Pour ce premier numéro, il s’intéresse au secteur des logiciels dans le Private Equity et comment celui-ci s’est imposé comme l’un des moteurs les plus solides des dernières années.
Historiquement, dans les années 1980 et 1990, les éditeurs de logiciels étaient principalement financés par le capital-risque, en raison de leur forte intensité en R&D, de leur risque technologique élevé et de la difficulté à atteindre une rentabilité stable. Cependant, avec l’émergence du modèle SaaS («Software-as-a-Service») dans les années 2010, les entreprises logicielles ont transformé leur approche, offrant des abonnements récurrents qui incluent non seulement l’accès au logiciel mais également des services supplémentaires tels que des mises à jour régulières, une maintenance continue et des améliorations du logiciel, sans coût supplémentaire pour le client. Cela garantit une meilleure expérience utilisateur et rend le changement de fournisseur plus complexe, renforçant ainsi la fidélité des clients. Cette transformation a aussi permis aux éditeurs de logiciels de réduire leur dépendance à des cycles de vente ponctuels, tout en rendant leurs revenus plus prévisibles et récurrents.
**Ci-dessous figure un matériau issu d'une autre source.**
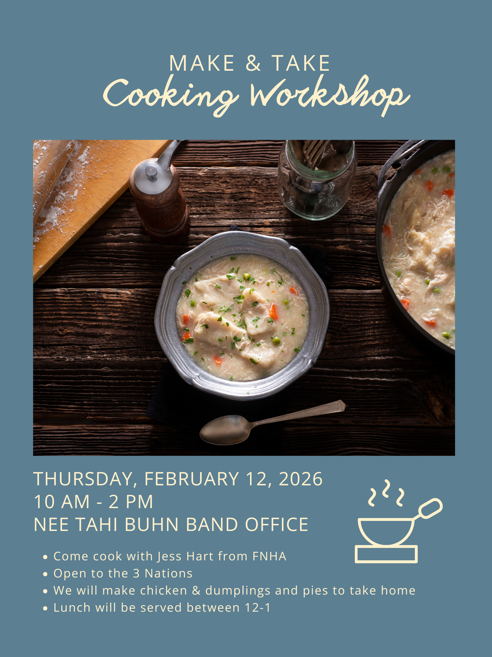 The 3 Nations are invited to a Make & Take Cooking Class with Jess Hart from the First Nations Health Authority. The group will make chicken & dumplings and pie to take home, and lunch will be served between 12PM – 1PM.

Le secteur des logiciels présente donc aujourd’hui des caractéristiques structurellement attractives pour les investisseurs en LBO:
- Mission critical B2B: De nombreux logiciels sont devenus des outils indispensables aux entreprises, notamment dans des domaines tels que la gestion financière, la cybersécurité, les ressources humaines et la chaîne d’approvisionnement.
- Forte visibilité du chiffre d’affaires grâce aux abonnements SaaS: Les éditeurs SaaS matures (B2B) atteignent souvent 85% à 95% de revenus récurrents annuels (ARR - Annual Recurring Revenue). Les revenus non récurrents proviennent principalement de services professionnels (implémentation, formation, conseil), de frais d’onboarding, de support premium et de frais d’usage variable.
- Taux de désabonnement («churn») très faible: Les logiciels B2B bien intégrés au cœur des processus métiers de leurs clients affichent des taux de désabonnement inférieurs à 5%, notamment en raison des coûts élevés et des risques associés au changement de fournisseur.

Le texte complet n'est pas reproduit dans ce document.